-------- RECORD EXTRACTS --------

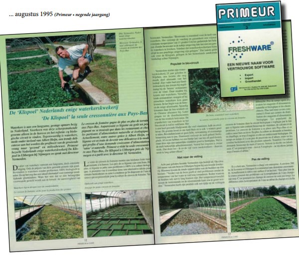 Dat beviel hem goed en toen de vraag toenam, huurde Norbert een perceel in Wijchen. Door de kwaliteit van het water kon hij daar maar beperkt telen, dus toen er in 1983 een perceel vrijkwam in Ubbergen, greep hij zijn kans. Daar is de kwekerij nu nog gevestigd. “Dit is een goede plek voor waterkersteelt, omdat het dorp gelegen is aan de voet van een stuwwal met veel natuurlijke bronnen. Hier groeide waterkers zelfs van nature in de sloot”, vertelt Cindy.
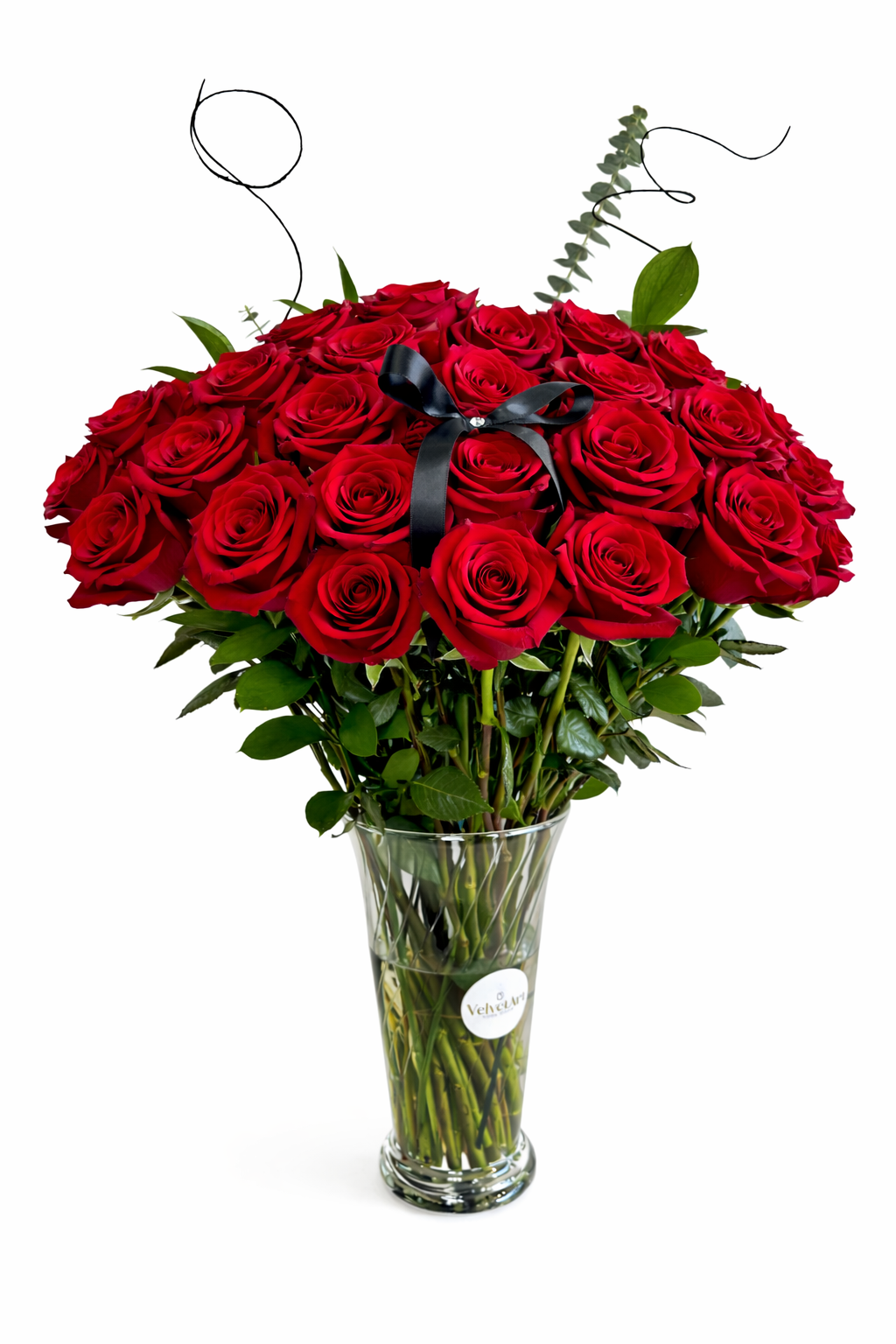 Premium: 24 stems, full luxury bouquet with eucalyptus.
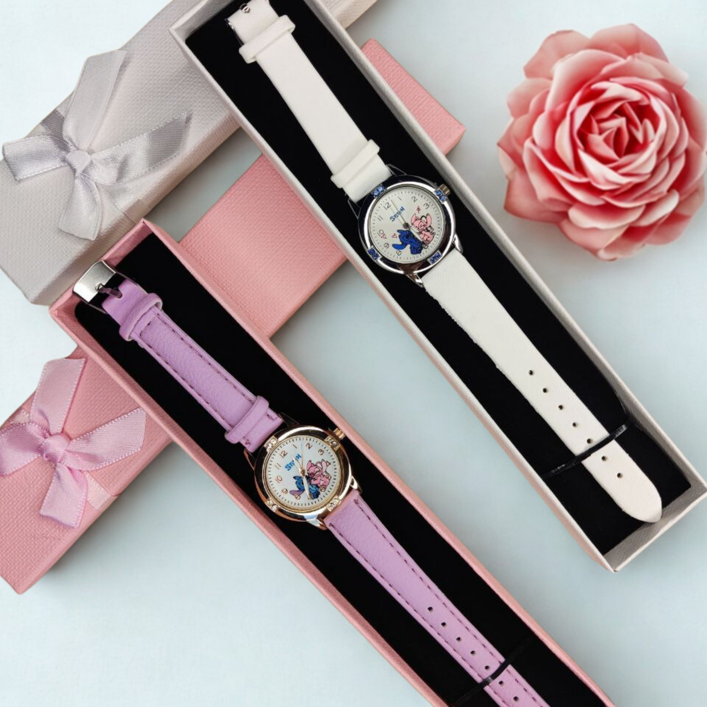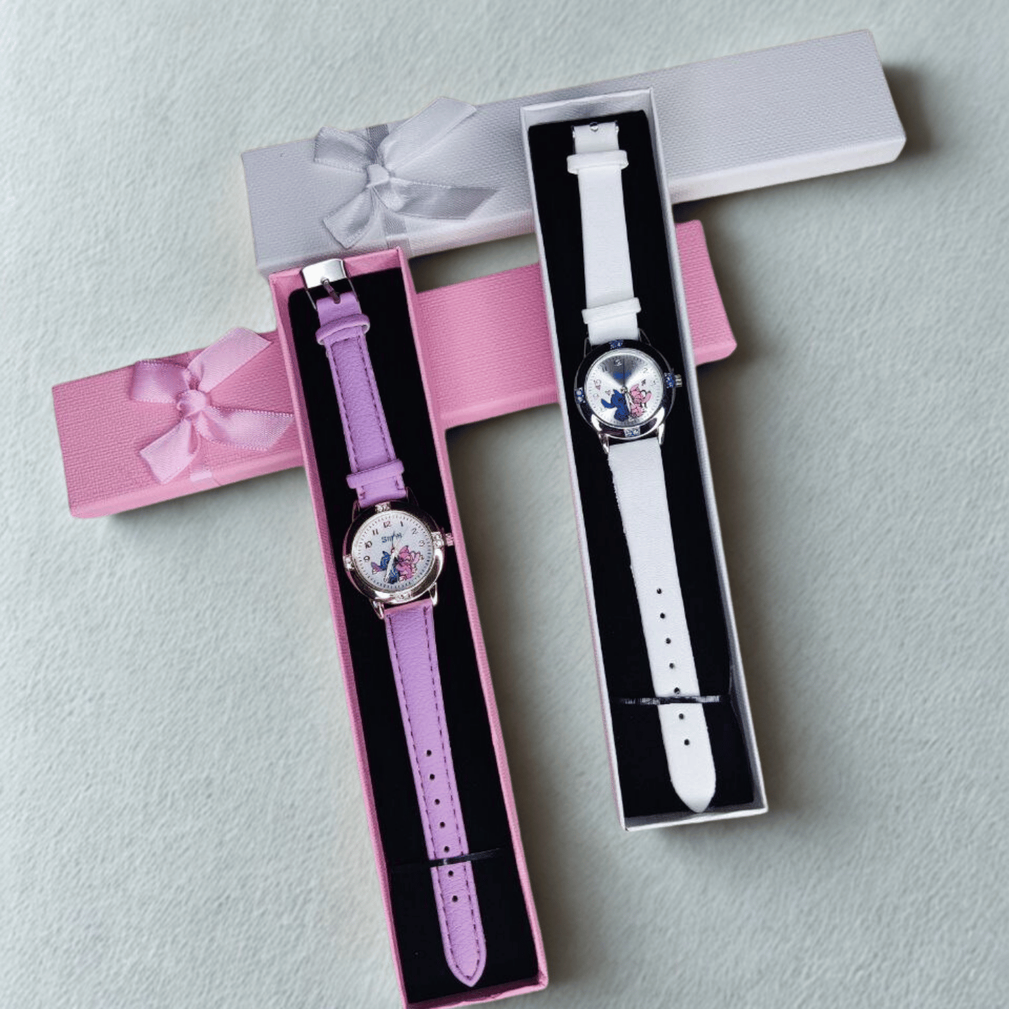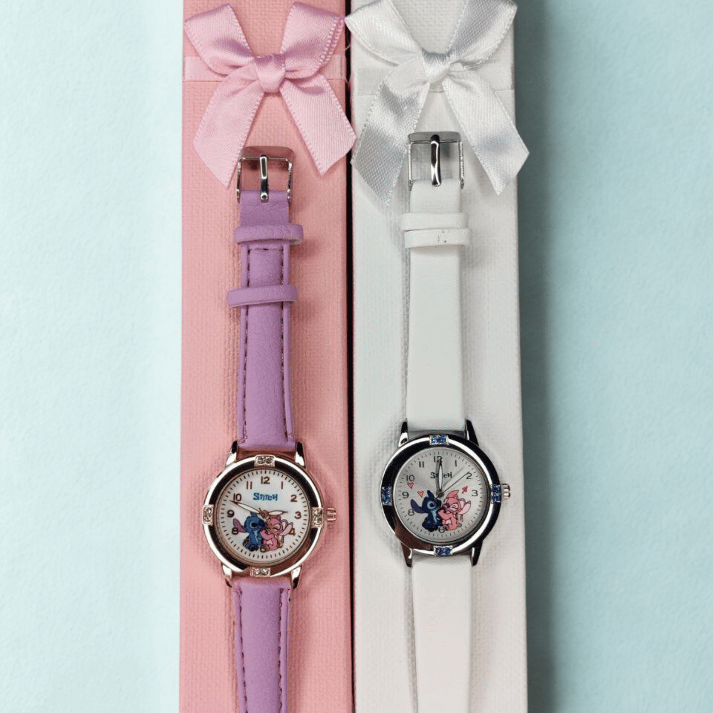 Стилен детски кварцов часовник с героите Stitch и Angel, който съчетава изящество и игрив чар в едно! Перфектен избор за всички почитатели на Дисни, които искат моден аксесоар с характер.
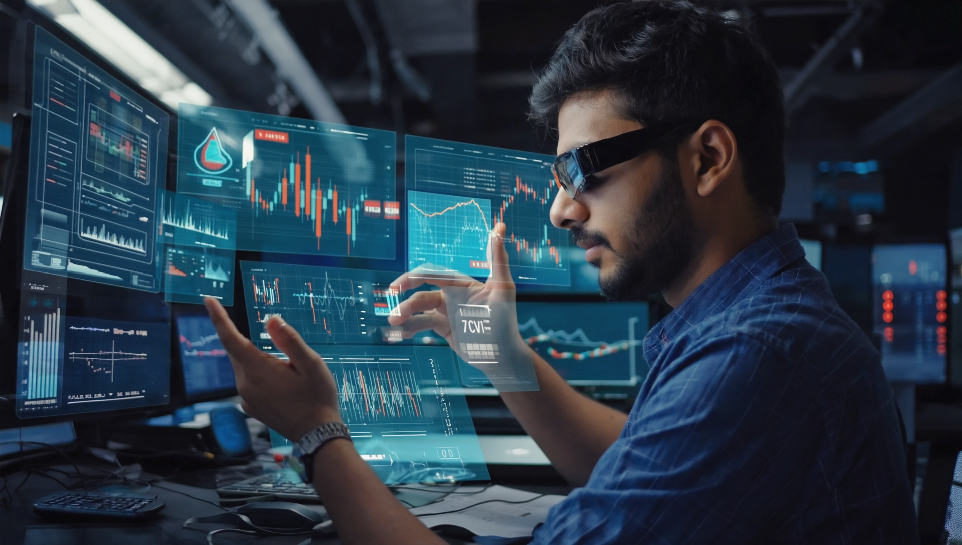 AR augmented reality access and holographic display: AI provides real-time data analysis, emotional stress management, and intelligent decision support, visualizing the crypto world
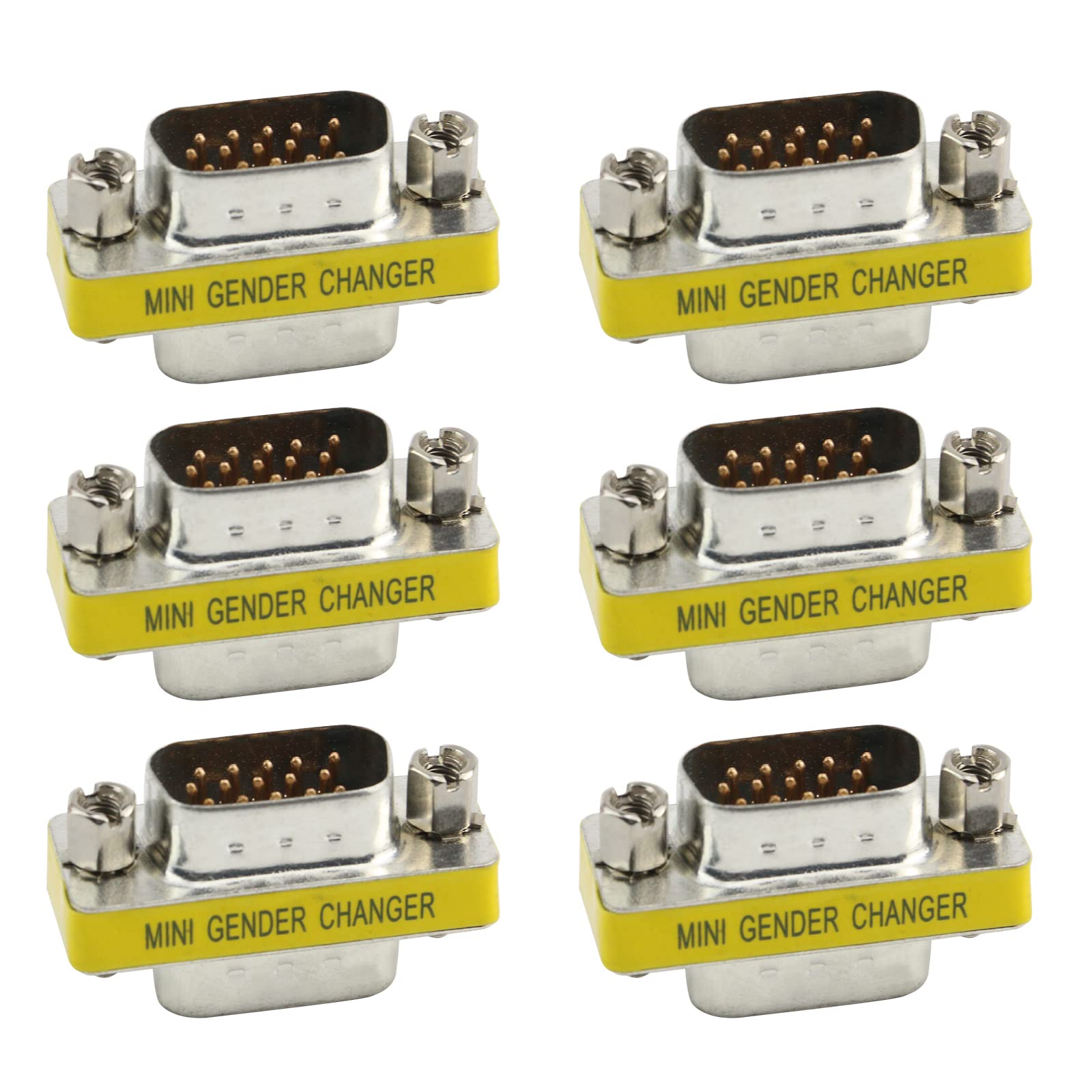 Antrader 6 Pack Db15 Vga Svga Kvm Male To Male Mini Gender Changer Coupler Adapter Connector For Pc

--------

PROMPT: Wherever an image appears, omit it; copy the rest of the records exactly.

ANSWER TO THIS EXERCISE:
 Dat beviel hem goed en toen de vraag toenam, huurde Norbert een perceel in Wijchen. Door de kwaliteit van het water kon hij daar maar beperkt telen, dus toen er in 1983 een perceel vrijkwam in Ubbergen, greep hij zijn kans. Daar is de kwekerij nu nog gevestigd. “Dit is een goede plek voor waterkersteelt, omdat het dorp gelegen is aan de voet van een stuwwal met veel natuurlijke bronnen. Hier groeide waterkers zelfs van nature in de sloot”, vertelt Cindy.
 Premium: 24 stems, full luxury bouquet with eucalyptus.
 Стилен детски кварцов часовник с героите Stitch и Angel, който съчетава изящество и игрив чар в едно! Перфектен избор за всички почитатели на Дисни, които искат моден аксесоар с характер.
 AR augmented reality access and holographic display: AI provides real-time data analysis, emotional stress management, and intelligent decision support, visualizing the crypto world
 Antrader 6 Pack Db15 Vga Svga Kvm Male To Male Mini Gender Changer Coupler Adapter Connector For Pc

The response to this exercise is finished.